MTG to split into two companies

One becomes two: MTG and Nordic Entertainment Group

Press release

The Board of Directors of Modern Times Group MTG AB (publ) (“MTG”) has decided to initiate a process to split MTG into two companies by distributing all of the shares in Nordic Entertainment Group (comprising the Group’s Nordic Entertainment, MTG Studios and Splay Networks operations) to MTG’s shareholders, and listing these shares on Nasdaq Stockholm. The Board intends to propose the distribution and listing of the shares at an Extraordinary General Meeting.
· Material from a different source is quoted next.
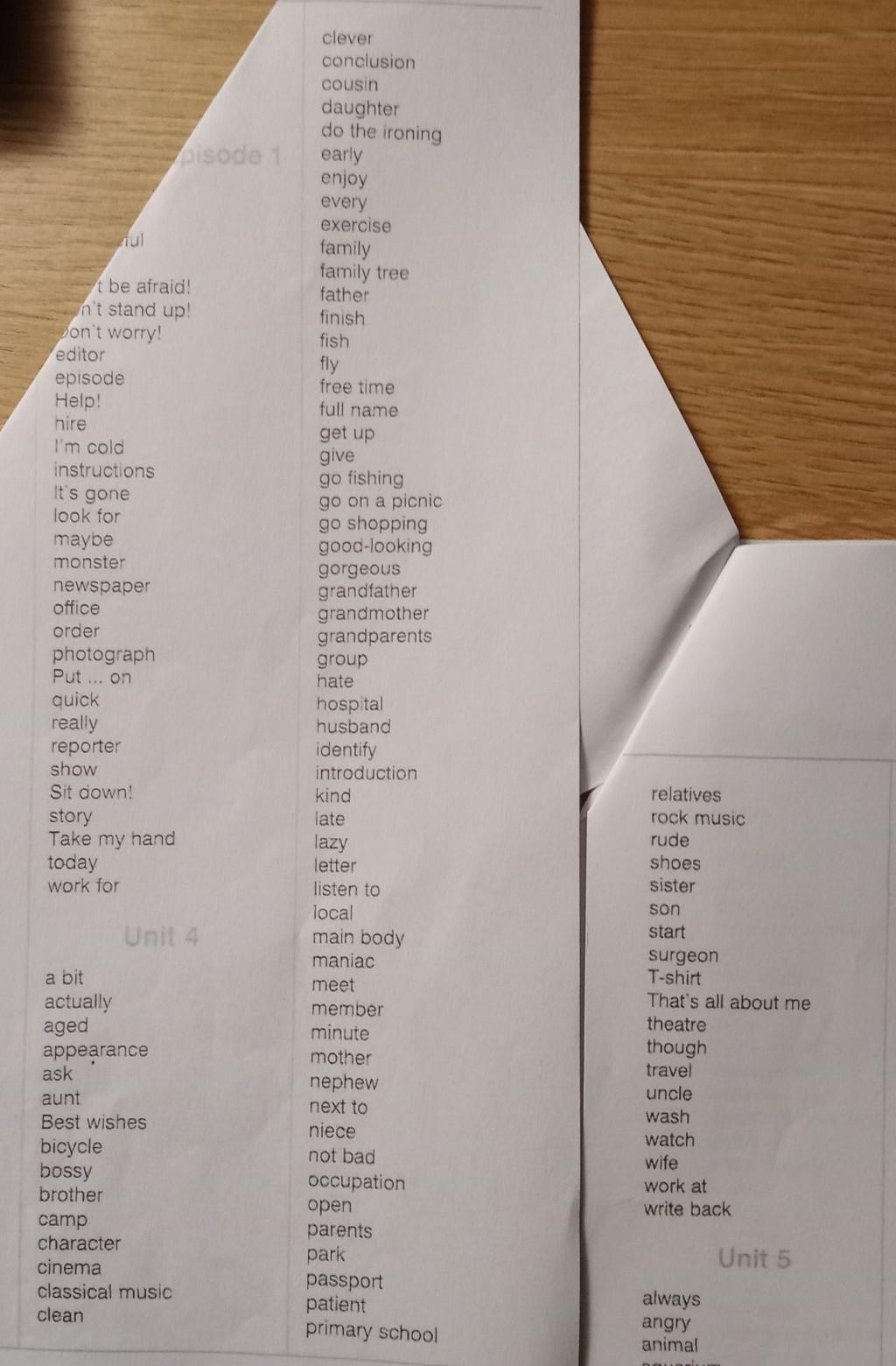 a bit actually aged appearance ask aunt Best wishes bicycle bossy brother pisode 1 camp character cinema classical music clean clever conclusion cousin daughter do the ironing early enjoy every exercise family family tree father finish fish fly free time full name get up give go fishing go on a picnic go shopping good-looking gorgeous grandfather grandmother grandparents group hate hospital husband identify introduction kind late lazy letter listen to local main body maniac meet member minute mother nephew next to niece not bad occupation open parents park passport patient primary school relatives rock music rude shoes sister son start surgeon T-shirt That's all about me theatre though travel uncle wash watch wife work at write back ТОЛЬКО 4 ЮНІТ ПОМОГИТЕ ПОЖАЛУЙСТА НУЖНО СРОЧНО ПЕРЕКЛАСТИ СЛОВА 60 балів.

Following the announcement by MTG’s largest shareholder, Kinnevik, that it intends to distribute its entire shareholding in MTG to its shareholders in Q3 2018, MTG will await the completion of the distribution before continuing with its work towards the previously announced distribution of Nordic Entertainment Group (NENT Group). MTG remains committed to the split and distribution of all of the shares in Nordic Entertainment Group (comprising MTG Nordic Entertainment, MTG Studios and Splay Networks) to MTG’s shareholders, and the listing of these shares on Nasdaq Stockholm. The process is subject to, inter alia, the approval of an Extraordinary General Meeting of MTG’s shareholders and will not now be completed during 2018.

 

Download process update press release

Download announcement press release

Presentation

The splitting of MTG will create two separate companies with clear investment profiles that are well positioned to capitalise on consumer trends, capture growth opportunities, and generate sustainable value for owners, customers and employees. See the investor presentation for further details on the rationale of the split and descriptions of both businesses.

Download Investor Presentation

Conference call

MTG hosted a conference call to present the proposed split and distribution of shares on Friday 23 March at 09:00 CET.

 

The conference call webcast is available here.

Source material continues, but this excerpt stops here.